(Dataset records Opens)

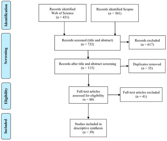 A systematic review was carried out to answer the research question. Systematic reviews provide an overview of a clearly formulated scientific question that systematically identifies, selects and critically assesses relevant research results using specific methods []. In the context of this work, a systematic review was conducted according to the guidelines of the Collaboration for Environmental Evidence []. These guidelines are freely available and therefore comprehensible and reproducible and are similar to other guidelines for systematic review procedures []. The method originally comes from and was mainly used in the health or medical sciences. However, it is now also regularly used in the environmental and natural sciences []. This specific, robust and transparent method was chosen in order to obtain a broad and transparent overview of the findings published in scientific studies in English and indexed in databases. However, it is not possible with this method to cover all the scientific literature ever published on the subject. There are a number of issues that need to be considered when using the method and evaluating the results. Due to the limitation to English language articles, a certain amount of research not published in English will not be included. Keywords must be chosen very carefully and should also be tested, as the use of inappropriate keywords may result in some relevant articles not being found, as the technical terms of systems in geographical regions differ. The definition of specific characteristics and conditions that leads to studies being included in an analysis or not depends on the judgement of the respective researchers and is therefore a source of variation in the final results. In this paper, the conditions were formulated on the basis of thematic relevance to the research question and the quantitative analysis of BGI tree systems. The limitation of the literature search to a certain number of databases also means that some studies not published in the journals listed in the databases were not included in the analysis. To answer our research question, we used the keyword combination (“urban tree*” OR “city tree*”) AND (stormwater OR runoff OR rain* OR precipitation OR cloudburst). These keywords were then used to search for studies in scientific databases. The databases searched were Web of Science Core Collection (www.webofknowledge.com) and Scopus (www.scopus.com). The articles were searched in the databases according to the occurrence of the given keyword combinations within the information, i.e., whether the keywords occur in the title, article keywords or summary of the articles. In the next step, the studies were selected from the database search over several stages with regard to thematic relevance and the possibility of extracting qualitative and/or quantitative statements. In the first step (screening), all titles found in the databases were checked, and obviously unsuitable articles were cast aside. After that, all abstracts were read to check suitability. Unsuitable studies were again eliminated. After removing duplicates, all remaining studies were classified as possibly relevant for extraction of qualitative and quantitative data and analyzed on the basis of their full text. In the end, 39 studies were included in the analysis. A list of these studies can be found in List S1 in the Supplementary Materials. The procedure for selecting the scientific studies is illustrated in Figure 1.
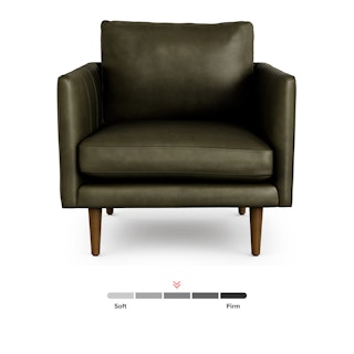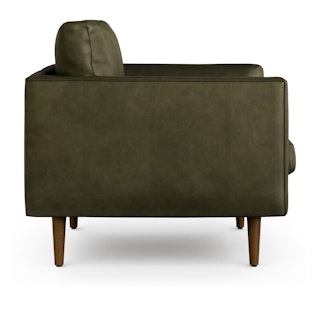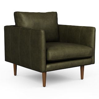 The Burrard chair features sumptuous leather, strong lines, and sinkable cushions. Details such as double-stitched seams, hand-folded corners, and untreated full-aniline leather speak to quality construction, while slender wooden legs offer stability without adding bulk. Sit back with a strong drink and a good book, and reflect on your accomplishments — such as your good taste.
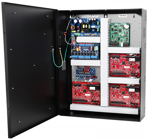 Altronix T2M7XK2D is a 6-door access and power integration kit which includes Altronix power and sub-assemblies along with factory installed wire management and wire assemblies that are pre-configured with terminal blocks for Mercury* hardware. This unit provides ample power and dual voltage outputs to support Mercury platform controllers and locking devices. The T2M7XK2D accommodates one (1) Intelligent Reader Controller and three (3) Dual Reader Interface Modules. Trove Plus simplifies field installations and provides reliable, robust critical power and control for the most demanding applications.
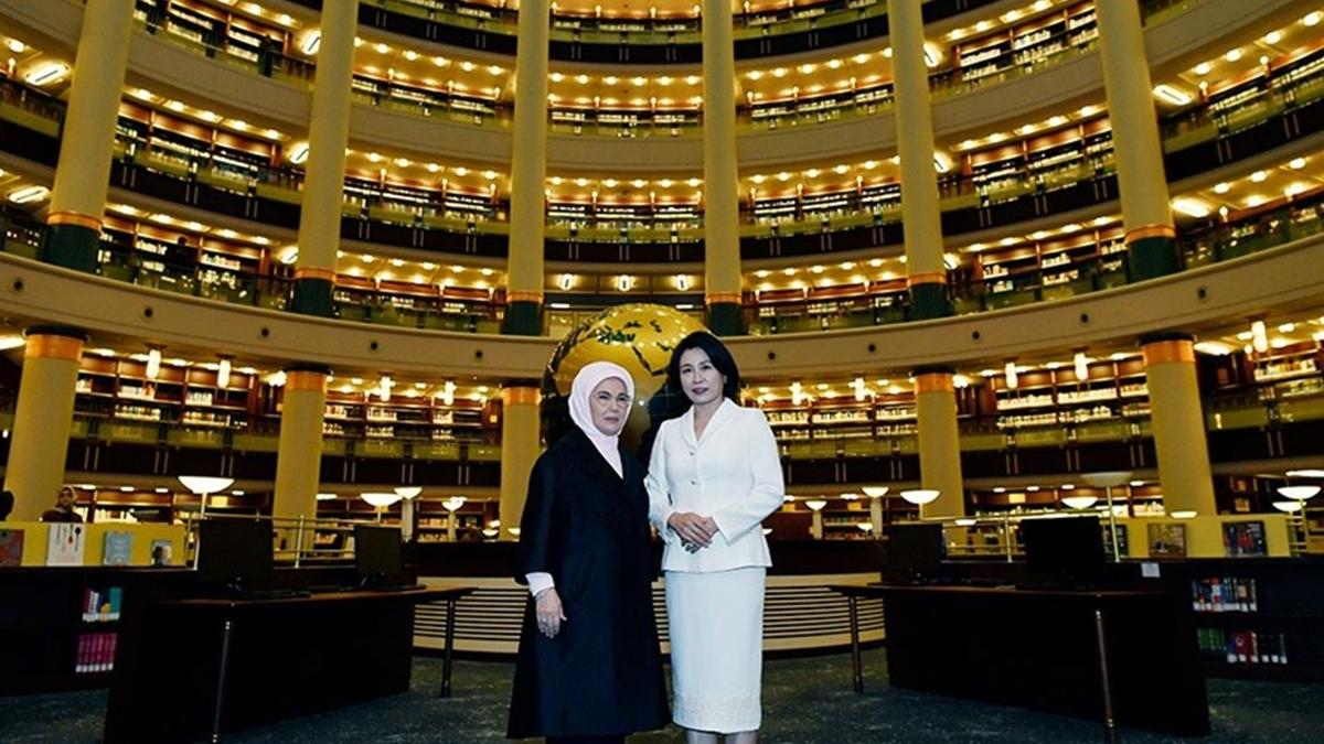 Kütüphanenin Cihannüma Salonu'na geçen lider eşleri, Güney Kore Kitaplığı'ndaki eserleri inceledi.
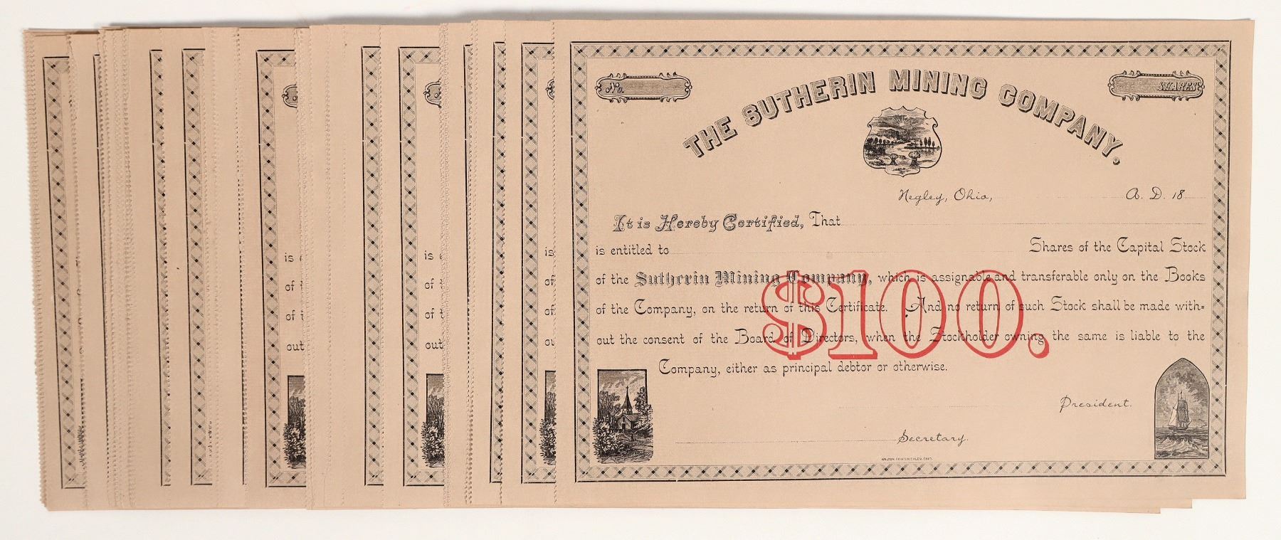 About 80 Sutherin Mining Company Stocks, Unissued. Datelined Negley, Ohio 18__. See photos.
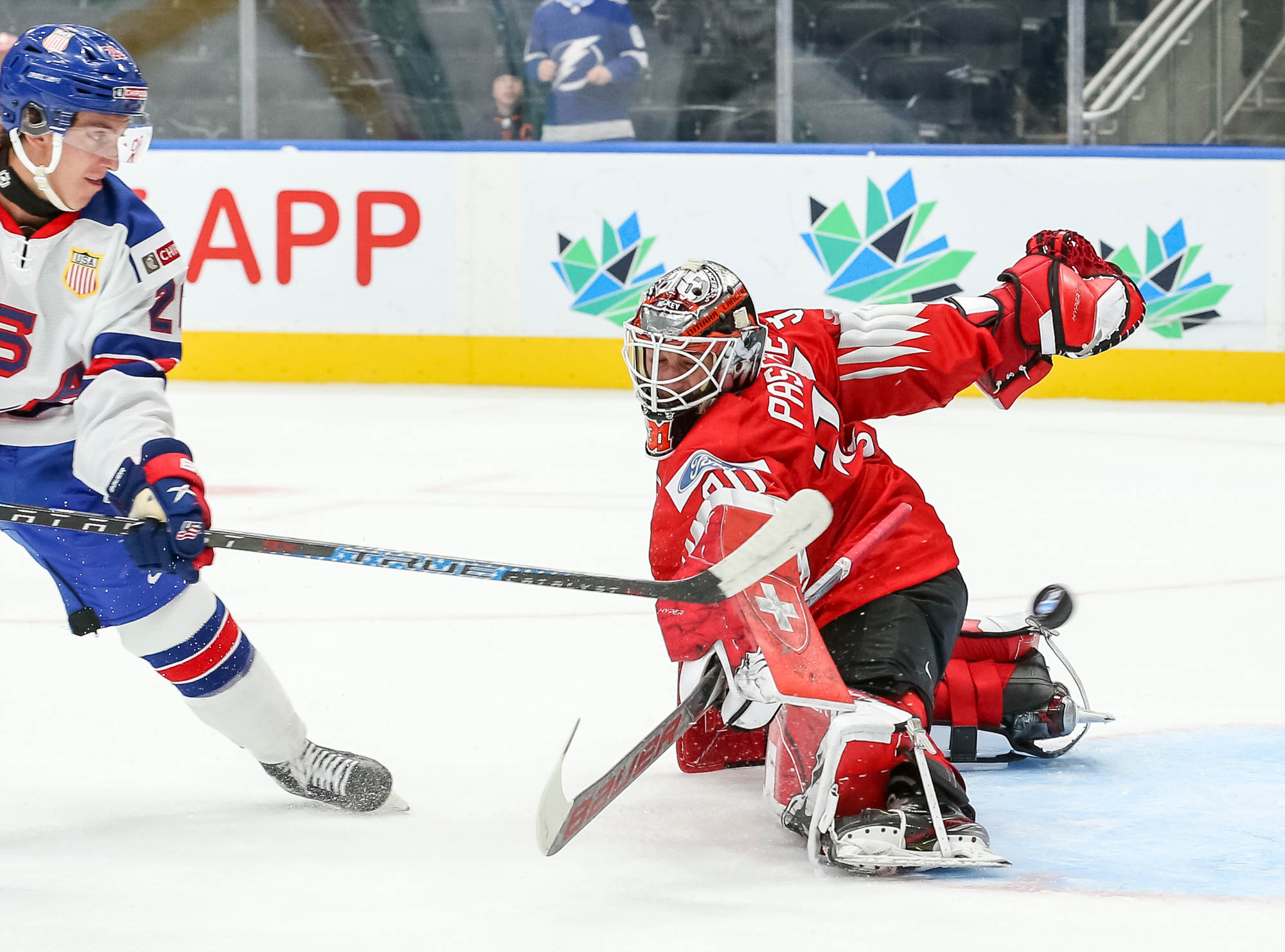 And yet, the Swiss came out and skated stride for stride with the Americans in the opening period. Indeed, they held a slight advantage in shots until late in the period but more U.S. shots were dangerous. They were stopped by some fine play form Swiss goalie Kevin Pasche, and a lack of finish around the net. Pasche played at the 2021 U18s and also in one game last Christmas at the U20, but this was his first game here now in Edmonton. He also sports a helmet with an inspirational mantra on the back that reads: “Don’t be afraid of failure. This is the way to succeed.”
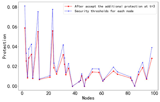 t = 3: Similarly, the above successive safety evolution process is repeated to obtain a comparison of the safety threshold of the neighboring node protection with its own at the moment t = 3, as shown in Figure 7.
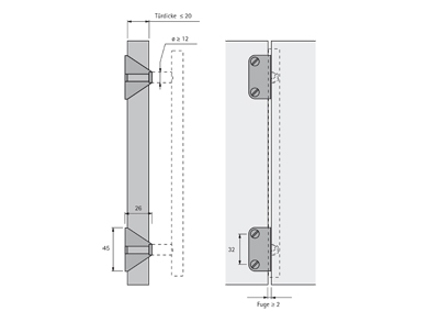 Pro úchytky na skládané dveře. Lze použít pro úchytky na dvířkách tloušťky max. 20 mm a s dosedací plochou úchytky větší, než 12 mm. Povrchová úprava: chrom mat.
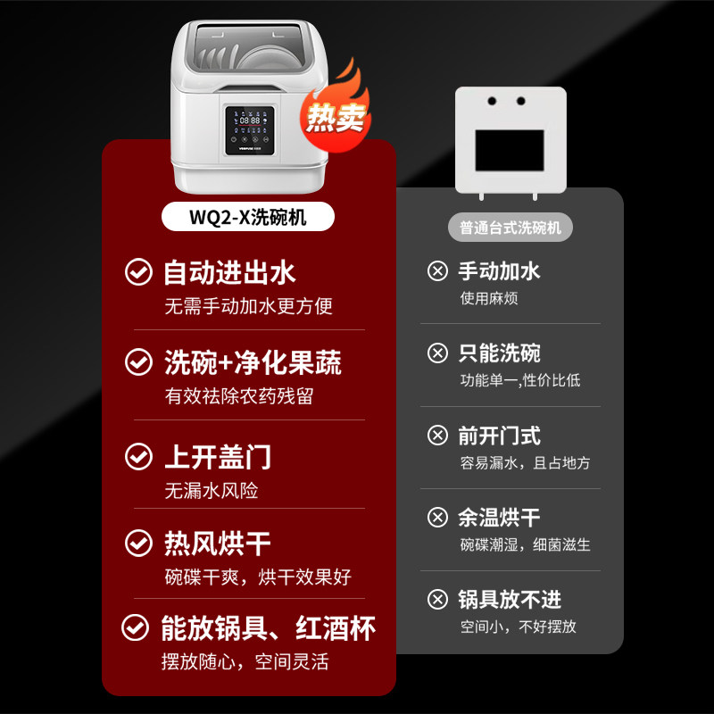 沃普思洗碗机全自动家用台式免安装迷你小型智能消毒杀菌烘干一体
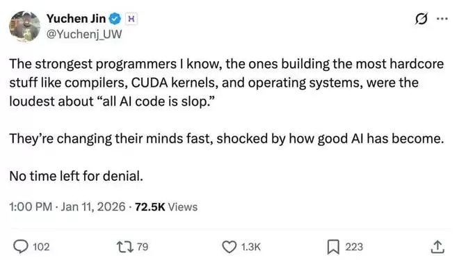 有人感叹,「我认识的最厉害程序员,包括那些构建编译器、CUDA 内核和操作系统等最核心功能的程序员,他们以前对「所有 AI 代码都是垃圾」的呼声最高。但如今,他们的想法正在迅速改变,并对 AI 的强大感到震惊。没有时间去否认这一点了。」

(Dataset records Closes)

- _Problem description_:
Working from the records above, set down word for word everything from the line containing "Kütüphanenin Cihannüma Salonu'na" down to the line containing "Pro úchytky na skládané", ends included, minus the pictures.

- _Answer below_:
 Kütüphanenin Cihannüma Salonu'na geçen lider eşleri, Güney Kore Kitaplığı'ndaki eserleri inceledi.
 About 80 Sutherin Mining Company Stocks, Unissued. Datelined Negley, Ohio 18__. See photos.
 And yet, the Swiss came out and skated stride for stride with the Americans in the opening period. Indeed, they held a slight advantage in shots until late in the period but more U.S. shots were dangerous. They were stopped by some fine play form Swiss goalie Kevin Pasche, and a lack of finish around the net. Pasche played at the 2021 U18s and also in one game last Christmas at the U20, but this was his first game here now in Edmonton. He also sports a helmet with an inspirational mantra on the back that reads: “Don’t be afraid of failure. This is the way to succeed.”
 t = 3: Similarly, the above successive safety evolution process is repeated to obtain a comparison of the safety threshold of the neighboring node protection with its own at the moment t = 3, as shown in Figure 7.
 Pro úchytky na skládané dveře. Lze použít pro úchytky na dvířkách tloušťky max. 20 mm a s dosedací plochou úchytky větší, než 12 mm. Povrchová úprava: chrom mat.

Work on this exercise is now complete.